My Department has no plans to set specific targets for anaerobic digestion. However, we are committed to making the most of the potential of anaerobic digestion to contribute to a number of our key objectives: reducing greenhouse emissions, improving air and water quality, and a growth in the production of renewable energy.
The UK Biomass Strategy and the recently published Waste Strategy for England 2007 set out the important contribution which anaerobic digestion can make to achieving these objectives. Waste Strategy for England 2007 identifies anaerobic digestion as the preferred technology for recovering energy from waste and outlines measures to promote its greater uptake. It particularly encourages local authorities and businesses to consider using anaerobic digestion to treat separately collected food waste.
In the Energy White Paper, the Government announced that we would be consulting on the banding of the renewables obligation. Under these proposals, electricity produced by anaerobic digestion would receive two renewable obligation certificates per megawatt hours.

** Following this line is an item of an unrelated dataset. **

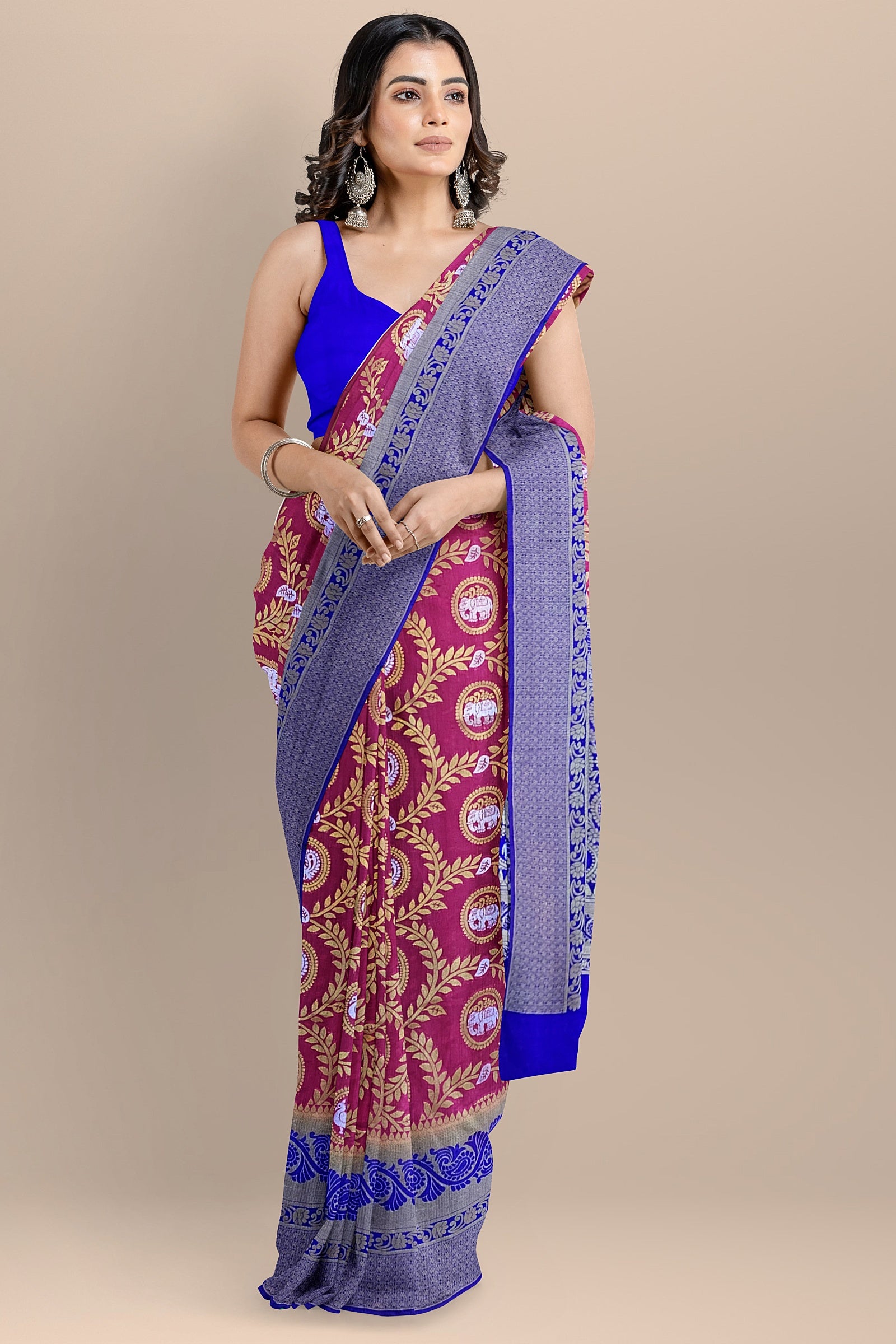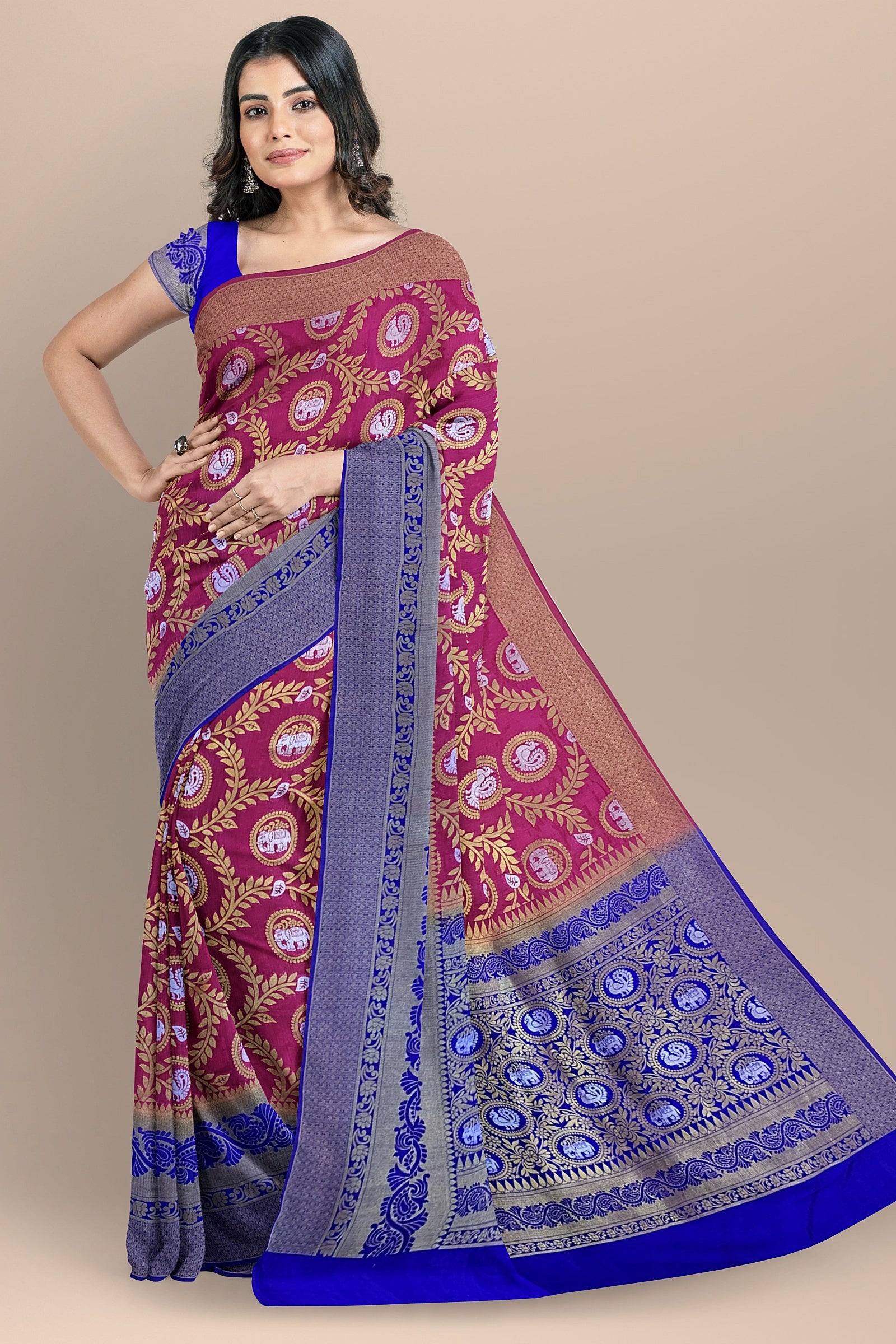 Step into a world of grandeur with this Pink and Royal Blue Saree, a stunning Paithani-inspired creation. Adorned with an all-over elephant design in luxurious Sona Roopa zari weave, this saree exudes timeless elegance and sophistication.

The Environment Agency has agreed to develop a standard for digestate in 2007-08. This will allow modern regulatory principles to be applied to the use of this material and bring certainty to when this material is considered to be “fully recovered”. This should help to facilitate the development of markets for digestate.
The total organic household waste collected by local authorities in England for central composting since 2000 is shown in the following table1. This is also expressed as a percentage of total household waste arisings. 2006-07 figures are not yet available. Based on an extrapolation from historical growth rates, the Waste and Resources Action Programme estimates the figure is likely to be between 2.9 million and 3.2 million tonnes.
Compost tonnages (Thousand tonnes) As percentage of total household waste 2000-01 798 3.2 2001-02 954 3.7 2002-03 1,189 4.6 2003-04 1,362 5.4 2004-05 1,960 7.6 2005-06 2,439 9.6
DEFRA does not hold specific figures for the amount of waste that is aerobically or anaerobically digested. However, a report from the Composting Association estimated that less than 1 per cent. of total waste was composted at centralised sites using anaerobic digestion. This estimate is based on a sample of compost producers which responded to the Composting Association survey.
Agricultural waste was not classified as controlled waste until the Waste Management (England and Wales) Regulations 2006 came into force on 15 May 2006, so no figures are available for management of agricultural organic waste. The Composting Association report2 estimates that on-farm composting grew by 40 per cent. from 2003-04, from 0.25 million tonnes (Mt) to 0.35 Mt, but on-farm processing still represented just 13 per cent. of the overall organic waste processed in 2004-05.
1 Municipal Waste Statistics
2 ‘The State of Composting and Biological Waste Treatment in the UK, 2004-05’
My officials and I have held a number of discussions with our counterparts in the Department for Communities and Local Government (DCLG) on proposals to allow local authorities to work together to deliver waste services, through the establishment of statutory joint waste authorities.
The Secretary of State for the Department for Communities and Local Government (Ruth Kelly) announced the Government’s intention to introduce these powers in the Local Government and Public Involvement in Health Bill on the 22 January.
No estimate has been made by my Department on the number of local authorities likely to apply to create a joint waste authority.